# Exercise instructions
Copy out each line below verbatim, skipping any picture.

# The data
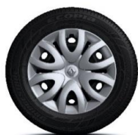
15" ukrasni poklopci Paradise
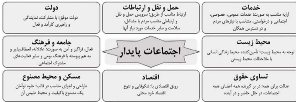
تصویر شماره ۸.۲ مؤلفه اجتماعات پایدار. با اقتباس از Egan Review و پیمان Bristol (دفتر نمایندگی نخست وزیری، ۲۰۰۳؛ Roberts & Jeffrey ۲۰۰۶)
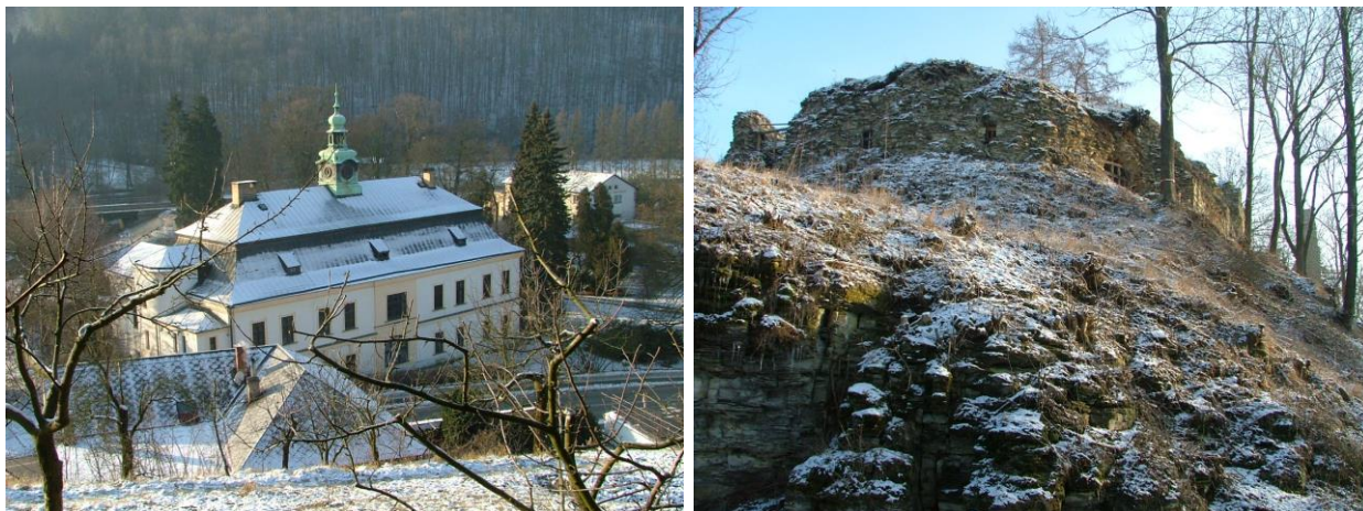
Brandýs nad Orlicí – zámek, hrad

# Result of the task
15" ukrasni poklopci Paradise
تصویر شماره ۸.۲ مؤلفه اجتماعات پایدار. با اقتباس از Egan Review و پیمان Bristol (دفتر نمایندگی نخست وزیری، ۲۰۰۳؛ Roberts & Jeffrey ۲۰۰۶)
Brandýs nad Orlicí – zámek, hrad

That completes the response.